A DUP voter has dumfounded his friends and family by stating that he is tolerant to all people except for those of the Catholic faith and those who are homosexual.
Sammy Black (32) from Trafalgar Road in East Belfast proclaimed his exceptional levels of tolerance at a family party held late last week.
“You all knows that I’m a fairly sound sort of a bloke, right? I have nothing against black fellas or lads from India or Pakistan – as long as they’re only visiting – but I can’t stand Gays or Catholics. Do you know where I’m coming from?”
Jesus as an example

“I mean, look at Jesus. All you have to do is look at his picture to realise that he was a God-fearing Prod. I mean with the long blond hair and the way he said ‘no surrender’ to the fecking Romans.
“I’m sure he would have been a Rangers supporter if he had had the chance,” Sammy said, using up his not so vast store of both historical and theological knowledge.
“I mean, look at those guys ‘who decide to be’ gay. Ok, they are not as bad as the Catholics, at least they don’t try to force that fecking Irish on you.
“But seriously, can you imagine one guy holding another guys hand walking down the Shankill Road — I mean Jaysus that’s just sick, that is,” Sammy said whilst shuddering at the very thought.
Homophobic and sectarian heritage

“I’m proud of the fact that Northern Ireland was voted as the worst place in the United Kingdom for LGBT people, by the International Lesbian, Gay, Bisexual, Trans and Intersex Association (ILGBTIA).
“It just shows how God Fearing us DUP supporters are,” Sammy said, as he scratched at his recent tattoo of the Union Jack on his arm. “Let them do their hand-holding behind closed doors or go to Greece or someplace but not here in our United Kingdom.”
“It’s the same with the Catholics,” he continued, as he proceeded to raise his voice and thump the table simultaneously.
“If they really have to be Catholics and speak that foreign language stuff, they should all move back to where they came from, Rome or Israel,” he uttered, not understanding the historical facts he was speaking of.
A friend questions Sammy

At this point, all Sammy’s friends were half nodding in agreement but at also silently wishing he’d shut the feck up. Sammy was a big bloke with arms on him like bloody tree trunks from all that bashing of Lambeg drums, so they stayed fairly quiet.

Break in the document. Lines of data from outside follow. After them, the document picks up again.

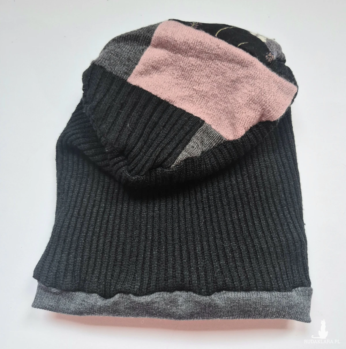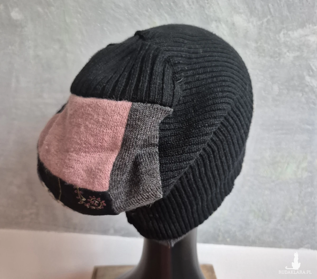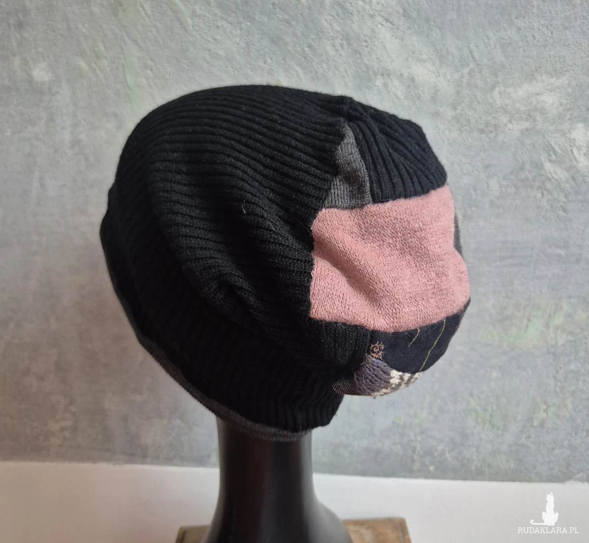 Czapka czarna na podszewce rozmiar uniwersalny Góra kolorowa rękodzieło ciepła wykonana w pojedynczym egzemplarzu Box 44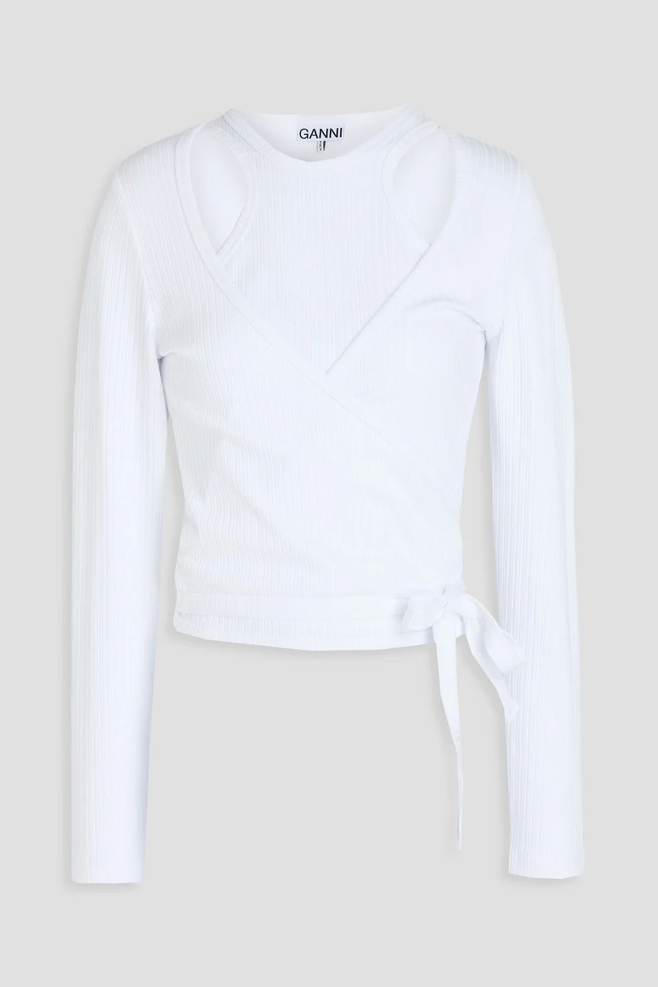 Wrap-effect layered ribbed ECOVERO™-blend jersey top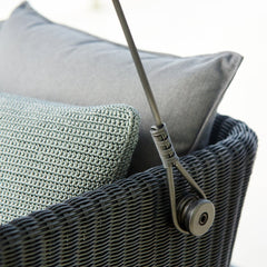 The design process has also focused on solving practical challenges, therefore the swing comes with All-weather cushions. These can be tied to the sofa with a strap specially designed for this purpose, so when the swing sofa is not in use, the cushions stay in place and dry if exposed to a rain shower. The roof and swingsofa is designed in our new "flake weaving" style with wide contemporary Cane-line fibres, that create a unique variation in the surfaces and allow for easy cleaning. Cave swing is tested to 300 kg /660 pounds under normal use. Note that Cane-line recommend that small children are kept under supervision when using the swing. The Cave swing can stay outside in you garden or terrace all year around, however, it is recommended to either mount it to a stable surface or place it in a location where strong winds are not present. This can in the worst case cause damages to the swing or the surroundings. To match with the swing sofa we recommend a white or taupe coloured On-the-move table.

One of them, however, did find the courage to question Sammy. “Weren’t all Prods Catholics at one stage before Henry VIII did that entire wife swapping thing and shifted the goalposts around?
“And wasn’t William of Orange Dutch? And we all know how kinky and liberal the Dutch are — wouldn’t surprise me if he was a bit on the Gay side. What do you think?”
Sammy heads to his GAA club

Meanwhile in Ireland understands that at this stage an irate and lost for words Sammy picked up his hurley and gear bag, stormed out of the pub and drove straight to the local GAA club just in time for training.